I purchased this filter used from a member of this board. I thought it had a broken impeller shaft, but come to find out, it is probably just a 2 part shaft. So, I put it together and tried it. It spins the impeller, but it is VERY loud. Any ideas on what the problem might be? Anyone else have a 2015, do they have a 2 part shaft? According to the Eheim website, the impeller is no longer available for this model, so hopefully that is not the problem. 

Thanks,
Tina


----------



## random_alias (Jun 28, 2005)

Two-part shaft as shown in the spare parts breakdown... http://www.eheim.com/pdf/16.pdf

They MAY have an impeller... 21.99.. http://www.magicislepets.com/pages/subpages/parts.htm


----------



## Talonstorm (Nov 6, 2004)

Thanks. I emailed them, but they never emailed me back (not very good customer service!). I will keep looking.

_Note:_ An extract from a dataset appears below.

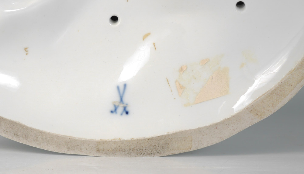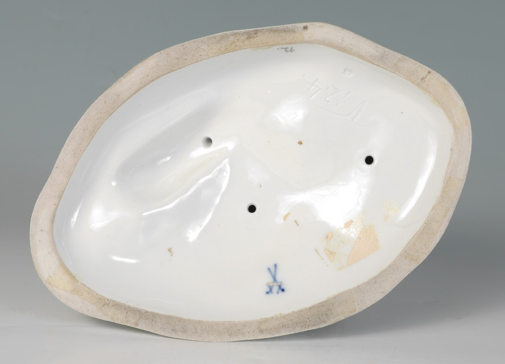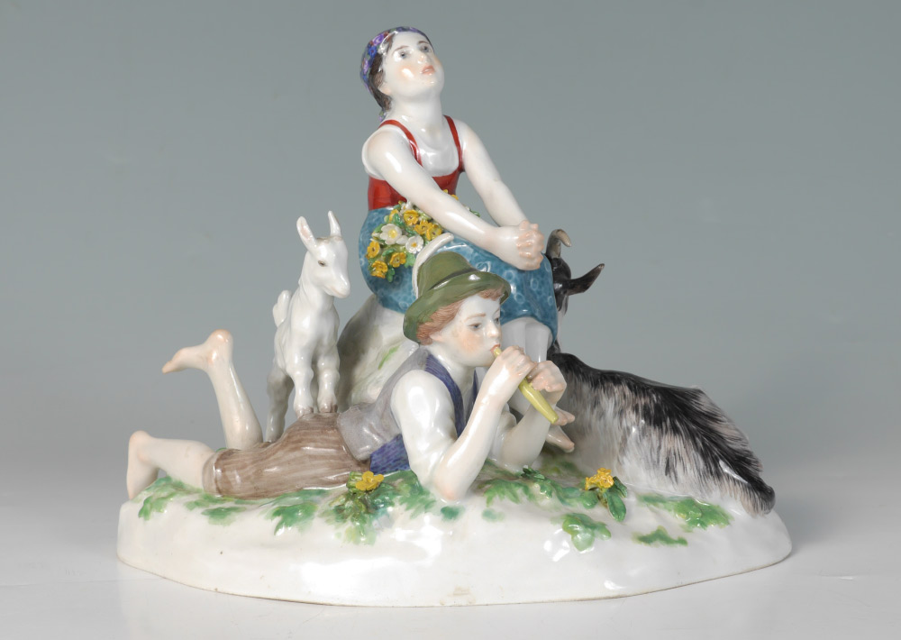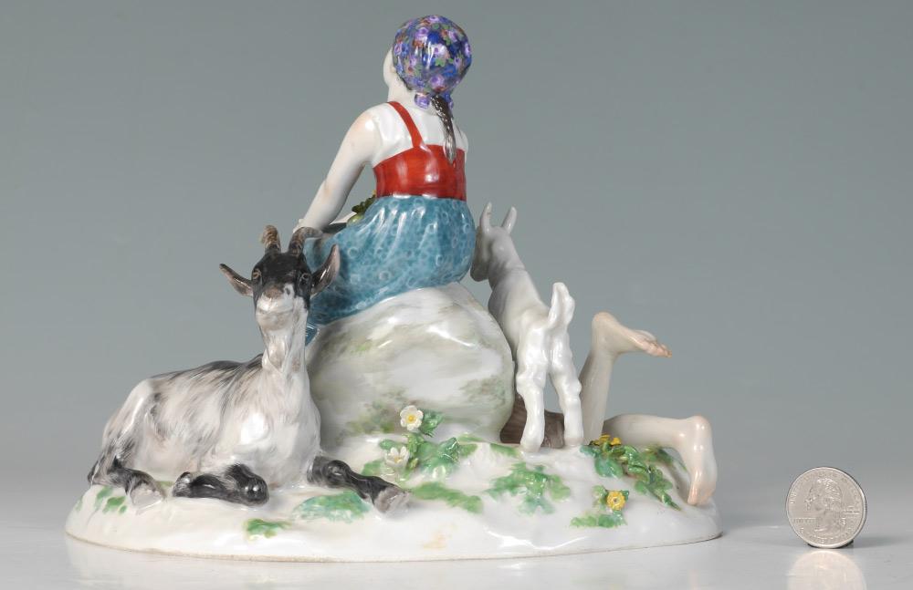20TH CENTURY MEISSEN FIGURAL GROUP WITH GOATS: Figure of a seated maiden with goats and boy playing a flute. Double crossed sword Meissen mark with incised line across (factory second), impressed 48, incised V 12.4. Measures 6 3/4'' h. x 8 1/4'' x 5 1/2''.

If anyone knows where I can get an impeller for my Eheim 2015, I would love to hear from you!

Thanks,
Tina


----------



## Wö£fëñxXx (Dec 2, 2003)

A quick google: unfortunatly they are not made any more...good luck.

http://www.eheim.com/faq.html#question8


----------



## Talonstorm (Nov 6, 2004)

Wö£fëñxXx said:


> A quick google: unfortunatly they are not made any more...good luck.


Yeah, I know. That is why I am having such trouble finding it.  

Tina


----------



## riverrat (Jul 14, 2005)

try here http://www.magicislepets.com/pages/subpages/parts.htm
I think it is listed for 22 bucks. Whether they have it or not I dont know.


----------



## Talonstorm (Nov 6, 2004)

I emailed them, twice. They don't reply to the emails. I finally called them and they do not have it.

Thanks,
Tina

PS - Still looking for suggestions. I paid $50 for this filter used, so I would like to get it running.


----------



## Momotaro (Feb 21, 2003)

Tina, try calling Reef Encounter in Hackensack. They carry a pretty good selection of Eheim parts. They might not have it, but it is worth a shot.

Also try calling Animals and Things in Woodbridge. Despite being an absolute dump, they did carry Eheim and carried a ton of old merchandise. Ask them to check the glass case behind the cash registers for the part.

Mike


----------



## tessoci (Dec 9, 2004)

Also, That Fish Place  has a huge selection of Eheim parts that don't show up on their website.

You have to go in or call the actual "brick and mortar" store directly, though. The website order people can't help.

--Rebecca


----------